石造りの暗いホールだ。壁に均等に据え付けられたランプの炎が、列をなして揺れている。ここは地下なのだろうか。窓が無いため余計に閉塞感が漂い、空気も澱んでいる。薄気味悪い空間だ。思って、硅は深く息を吐き出した。
「……宮村は大丈夫かな」
「ここにいねーってことは、まだどっかで戦ってんのかもな」
「僕は君達がどうやって来たかがすごく気になるけど……今はそれどころじゃない。気を引き締めろ、来るぞ!」
獣のような唸り声を上げ、正気を失った兵士の群れが薄闇の中から突進してくる。
「うわ!」
ガツン、と刃と刃がぶつかり、腕に衝撃が走る。
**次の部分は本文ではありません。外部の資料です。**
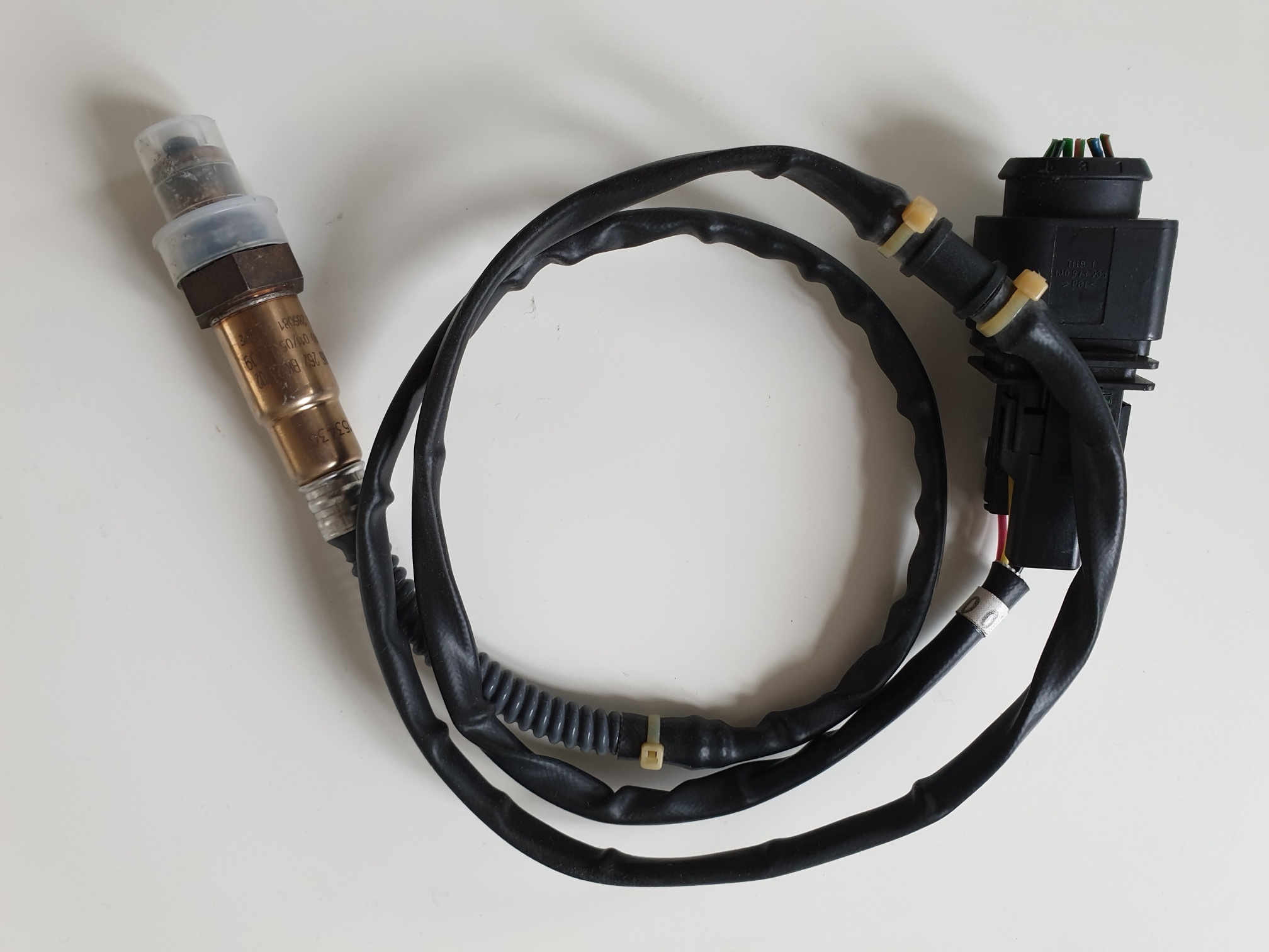 Es handelt sich ebenfalls um eine nagelneue Sonde von VW mit der Teilenummer 06A.906.262.BK bzw. Bosch 0281004150. Sowohl laut Zeichnung als auch laut Bosch Datenblatt handelt es sich um eine 4.9er Sonde, es ist außerdem "LU09" aufgedruckt. Interessanterweise hat sie aber noch den alten, großen 4.2er Stecker. Ich vermute, dass sie gerade in eine Übergangszeit fiel und man den Kabelbaum nicht ändern wollte, daher die merkwürdige Kombi.

鍔競り合いをしながら硅は相手の顔を見つめた。川嶋と同じだ。目を見開き、低い呻き声を上げ、口元から涎を垂らしている。――これは人間か?
思わず吐き気を催したその時、ふと白いホールで見た切り絵を思い出した。姫を取り囲んだ獣の群れ。なるほど、今の彼らは獣のようだ。理性を失い、ただ本能のままに動いている。
そんなことを考えていると、突然横から何かがぶつかってきた。勢いにおされ、硅は小さく悲鳴を上げて倒れ込む。と、同時に細剣が右手から離れ、円を描きながら床を滑っていった。